Correspondance de Voltaire/1757/Lettre 3318

La bibliothèque libre.
Correspondance de Voltaire/1757
Correspondance : année 1757GarnierŒuvres complètes de Voltaire, tome 39 (p. 177-178).

3318. — À MADAME DE FONTAINE,
à paris.
À Monrion, 19 février.

Qu’est-ce que c’est donc, ma chère nièce, qu’une petite secte de la canaille, nommée la secte des margouillistes, nom qu’on devrait donner à toutes les sectes ? On dit que ces misérables lunatiques, nés des convulsionnaires, et petits-fils des jansénistes sont ceux qui ont mis, non pas le couteau, mais le canif à la main de ce monstre insensé de Damiens ; que ce sont eux qui envoient du poison au dauphin dans une lettre, et qui affichent des placards : le tout pour la plus grande gloire de Dieu. Les honnêtes gens, par parenthèse, devraient me remercier d’avoir tant crié toute ma vie contre le fanatisme ; mais les cours sont quelquefois ingrates.

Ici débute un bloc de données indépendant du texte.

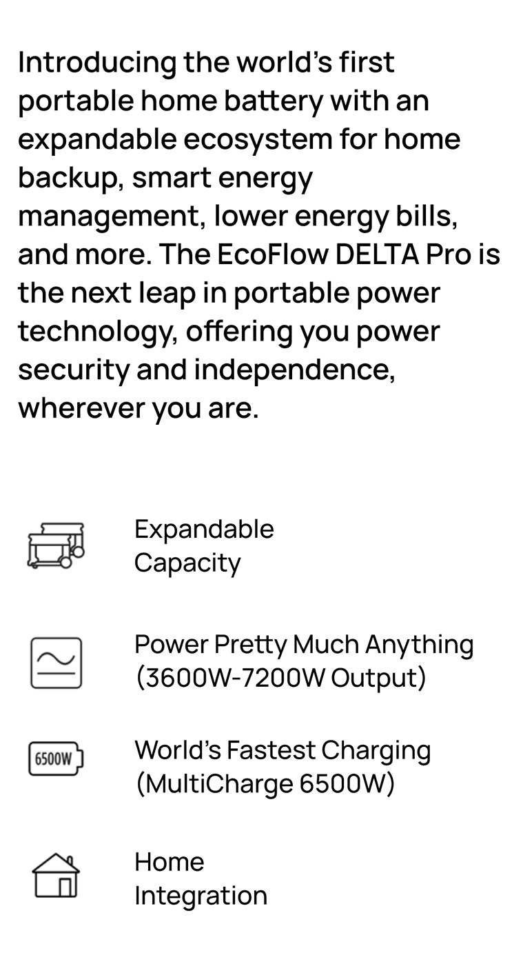 The EcoFlow DELTA Pro ecosystem stores energy day and night, reducing your reliance on the grid and lowering your energy bills by combating time-of-use rates. It integrates directly with your home using the EcoFlow Smart Home Panel. The EcoFlow app gives you a smart breakdown of your energy habits, and you can customize your energy usage for any type of situation.

Vous savez les coquetteries que me fait le roi de Prusse et que la czarine m’appelle à Pétersbourg. Vous savez aussi qu’aucune cour ne me tente plus, et que je dois préférer la solidité de mon bonheur dans ma retraite à toutes les illusions. Si j’en voulais sortir, ce ne serait que pour vous ; ma santé exige de la solitude ; je m’affaiblis tous les jours.

J’ai fait un effort pour jouer Lusignan ; votre sœur a été admirable dans Zaïre ; nous avions un très-beau et très-bon Orosmane, un Nérestan excellent, un joli théâtre, une assemblée qui fondait en larmes ; et c’est en Suisse que tout cela se trouve tandis que vous avez à Paris des margouillistes. Je vous ai bien regrettée ; mais c’est ce qui m’arrive tous les jours.

Ayez grand soin de votre malheureuse santé ; conservez-vous aimez-moi. Mille tendres compliments à fils, à frère, à secrétaire[1]. Adieu, ma très-chère nièce ; votre sœur ne vous écrit point aujourd’hui : elle apprend un rôle. Nous ne vous parlons que de plaisir : instruisez-nous des sottises de Paris.

  1. Le marquis de Florian, qui épousa M. de Fontaine en 1762.